Итак, когда я открыл глаза, то прежде всего увидел свет. Ничего другого, только свет, но мне и этого было достаточно. Я видел мир, не разграничивая себя от него. Больше того, мне казалось, что я сам излучаю этот свет. Я весь бы полон какой-то тихой радости, спокойной и неподвижной, как окружавшее меня сияние; какого-то глубокого, неосязаемого удовлетворения, ощущения безмерной и непоколебимой полноты бытия без начала и конца. Теперь-то я знаю, что именно в этом – весь смысл и содержание жизни, но тогда я этого не знал, мне не нужно было знать, я просто был. И ничего больше, кроме меня самого, мне не было нужно.

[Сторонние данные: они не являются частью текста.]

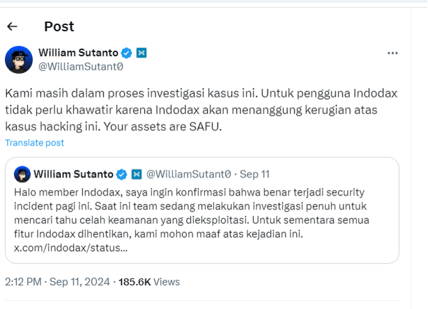 Sudah lebih dari 24 jam platform kripto Indonesia, Indodax menangguhkan operasionalnya akibat dugaan insiden peretasan. Salah satu pendiri yang juga merupakan Chief Technology Officer (CTO) Indodax, William Sutanto mengaku bahwa pihaknya masih melakukan investigasi.

Сейчас мне трудно сказать, сколько это продолжалось, – мгновения или вечность. Время еще не существовало. Может быть, так же родилась и вселенная, паи а вселенная, та, в которой мы живем. Мы привыкли думать, что сначала она была мертва и что жизнь в ней возникла только потом, через миллиарды лет. Но это вовсе не обязательно. Пусть даже вселенная вначале была не совсем живая, все равно она наверняка хранила в себе некую память о жизни. И может быть, ослепленная собственной первой вспышкой, сберегла эту память в вечности.

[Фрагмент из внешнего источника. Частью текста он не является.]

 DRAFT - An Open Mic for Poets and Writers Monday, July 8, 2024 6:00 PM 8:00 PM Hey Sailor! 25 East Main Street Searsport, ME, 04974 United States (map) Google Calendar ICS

Позже – целую вечность спустя – я стал различать в безбрежном море света отдельные составные части. Сначала я увидел потолок – белую и блестящую, пока еще бесконечную, плоскость. Белый глобус лампы на тонкой металлической трубке. Гладкую белую стену, лишенную всякой фактуры, – границу моего пока не осознанного человеческого существования. Нет, я еще не был человеком, или канарейкой, или хотя бы пауком. Разве что какой-нибудь инфузорией. А гораздо позже я понял, что стена не была ни белой, ни гладкой, но это – отдельный вопрос. И вообще не следует полагаться на это мое нынешнее описание. Я различал отдельные предметы, но еще не знал, как они называются. Мало того – я все еще не разграничивал себя от них. Они существовали со мной и во мне, в моей неподвижности, были частью меня самого. Например, я даже не подозревал, что в мире есть движение. Но все же слегка повернул голову вправо, как подсолнух поворачивает венчик к солнцу. И дрогнул. Назовем это первым легким волнением, первым движением моей души. Что угодно из случившегося позже я могу забыть, но эту минуту – никогда.

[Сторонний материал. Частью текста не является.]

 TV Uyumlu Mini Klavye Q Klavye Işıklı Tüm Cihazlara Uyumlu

Вот что я увидел. Большое окно в белой раме, за невидимым стеклом – ветви гигантского дерева. По крайней мере, таким оно мне тогда показалось, – гигантским. Внезапно я словно растворился в его зеленом сиянии. Густая крона была тоже залита светом, но этот свет был совсем другой. Он был живой, он не сиял, а подрагивал, как плазма, – безмерная, бесконечная жизнь. Листья у дерева были темно-зеленые, сильно изрезанные, с каким-то металлическим отливом. Совершенно неподвижные и все же, как и сам свет, бесконечно живые. Алчно, с неутолимой жаждой я смотрел на эту жизнь, ненасытно глотал ее, как глотал бы живительную воду умирающий от жажды. И все-таки я больше не был так тихо и радостно спокоен, как в той, первой моей вечности. Пусть я был счастлив, но это совсем другое, разное. Теперь все, что я видел, находилось вне меня. Сам того не сознавая, я уже разграничивал себя от всего остального. Прошло много месяцев, прежде чем я понял, какой страшной была эта минута. Именно это понимание своей обособленности постепенно наслаивает в сознании человека зловещую идею конечности бытия, его прерывности, в последнем счете – идею смерти. Но тогда я был жив, именно бесконечно жив, без тени мысли о смерти.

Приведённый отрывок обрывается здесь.